Here's the associated graph:

image
DmitryLitvintsev commented 1 year ago

Does /pnfs/grid.sara.nl/data/swiftbackup/pbl/owncloud751 have millions of entries? And do you have a way of finding our that the listing actually succeeded? (see my previous message). Before I move on to touch the code I wanted to make sure that we are not seeing PnfsManager just spinning its wheels? I think WebDAV door access file would have an answer (if listing completed or timed out).

(The more I think about a listing that lasts > 1 hour, the less I am convinced that it is actually needed and could be an artifact of some other activity, like inadvertent "ls" whose only purpose is establishing that destination directory exists. We have seen something like that at Fermilab).
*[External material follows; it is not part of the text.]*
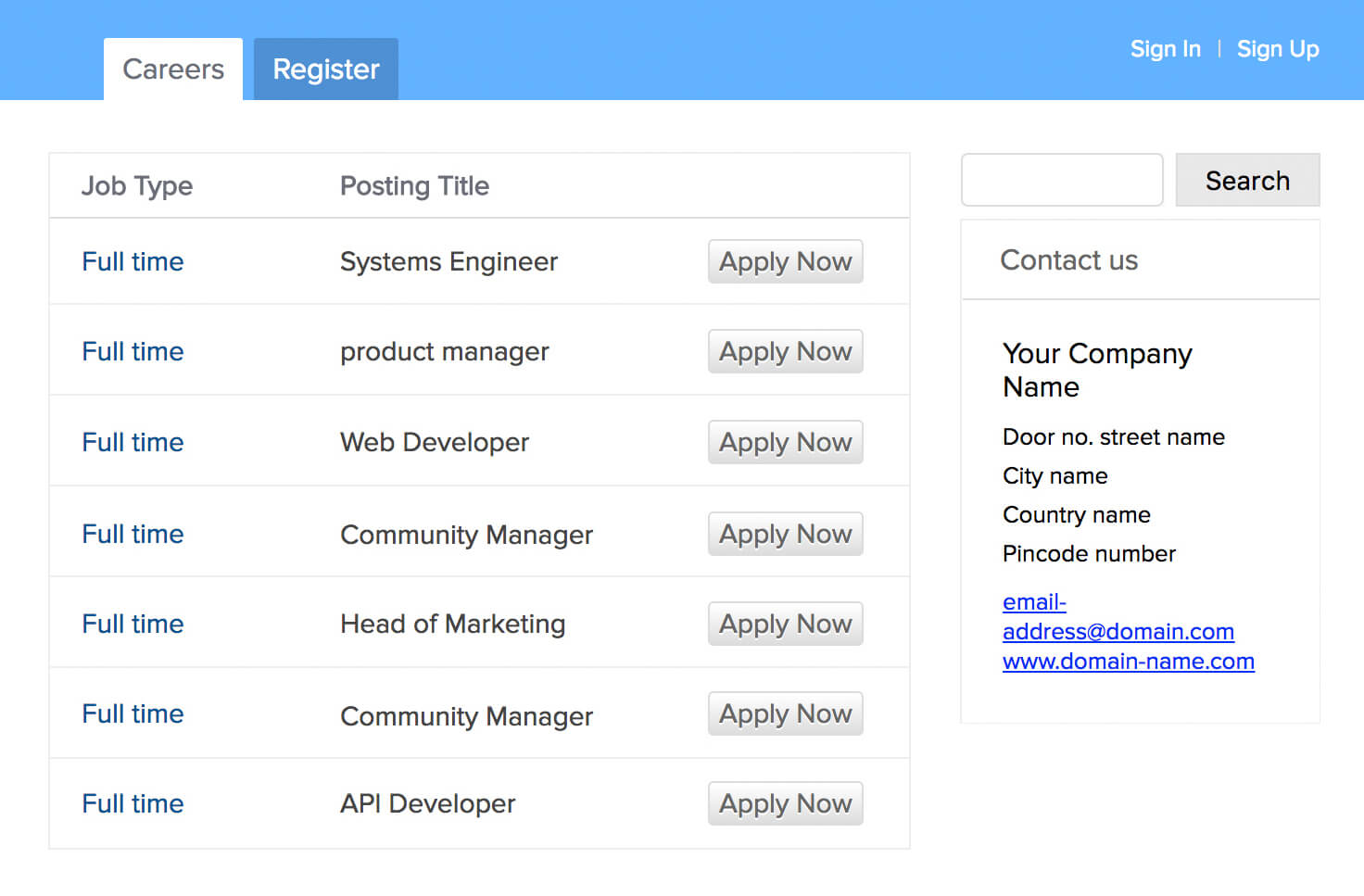 创建招聘页面,列出每个职位空缺及完整说明并接受一次申请多个职位空缺,提升您的应聘者体验。通过高质量的招聘网站提升整体候选人体验。Zoho Recruit 为您提供了列出所有职位空缺和完整描述的工具,并一次接受多个职位空缺的申请。构建适合您品牌的定制化职业页面,并将其嵌入您的网站。您还可以确保该页面适合移动设备,以便候选人可以通过手机或平板电脑申请。

onnozweers commented 1 year ago

I can see that the dir listing gets an OOM error. It's already running with these settings (note the heap & direct memory, we've had to increase that several times in the past):

root     3152466       1 28 05:43 ?        01:23:22 /usr/bin/java -server -Xmx250G -XX:MaxDirectMemorySize=100G -Dsun.net.inetaddr.ttl=1800 -Dorg.globus.tcp.port.range=20000,25000 -Dorg.dcache.dcap.port=0 -Dorg.dcache.ftp.log-aborted-transfers=true -Dorg.dcache.net.tcp.portrange=33000:34500 -Djava.security.krb5.realm= -Djava.security.krb5.kdc= -Djavax.security.auth.useSubjectCredsOnly=false -Djava.security.auth.login.config=/etc/dcache/jgss.conf -Dcontent.types.user.table=/etc/dcache/content-types.properties -Dzookeeper.sasl.client=false -Dcurator-dont-log-connection-problems=true -XX:+HeapDumpOnOutOfMemoryError -XX:HeapDumpPath=/var/log/webdav2880-badger14Domain-oom.hprof -XX:+ExitOnOutOfMemoryError -XX:+StartAttachListener -XX:+UseCompressedOops -javaagent:/usr/share/dcache/classes/aspectjweaver-1.9.2.jar -Djava.net.preferIPv6Addresses=system -Djava.awt.headless=true -DwantLog4jSetup=n -Dorg.bouncycastle.dh.allow_unsafe_p_value=true -Djdk.tls.ephemeralDHKeySize=2048 -Djava.net.preferIPv6Addresses=false -Ddcache.home=/usr/share/dcache -Ddcache.paths.defaults=/usr/share/dcache/defaults org.dcache.boot.BootLoader start webdav2880-badger14Domain

Here's the error:

07 Aug 2023 10:32:52 (webdav2880-badger14) [] /pnfs/grid.sara.nl/data/swiftbackup/pbl/owncloud751
java.lang.OutOfMemoryError: null
    at java.base/java.io.ByteArrayOutputStream.hugeCapacity(ByteArrayOutputStream.java:125)
    at java.base/java.io.ByteArrayOutputStream.grow(ByteArrayOutputStream.java:119)
    at java.base/java.io.ByteArrayOutputStream.ensureCapacity(ByteArrayOutputStream.java:95)
    at java.base/java.io.ByteArrayOutputStream.write(ByteArrayOutputStream.java:156)
    at java.base/java.io.OutputStream.write(OutputStream.java:122)
    at io.milton.http.XmlWriter.append(XmlWriter.java:73)
    at io.milton.http.XmlWriter.writeElement(XmlWriter.java:421)
    at io.milton.http.XmlWriter.writeElement(XmlWriter.java:127)
    at io.milton.http.XmlWriter.writeProperty(XmlWriter.java:114)
    at io.milton.http.values.ToStringValueWriter.writeValue(ToStringValueWriter.java:52)
    at io.milton.http.values.ValueWriters.writeValue(ValueWriters.java:98)
    at io.milton.http.webdav.PropFindXmlGeneratorHelper.sendProperties(PropFindXmlGeneratorHelper.java:124)
    at io.milton.http.webdav.PropFindXmlGeneratorHelper.sendKnownProperties(PropFindXmlGeneratorHelper.java:114)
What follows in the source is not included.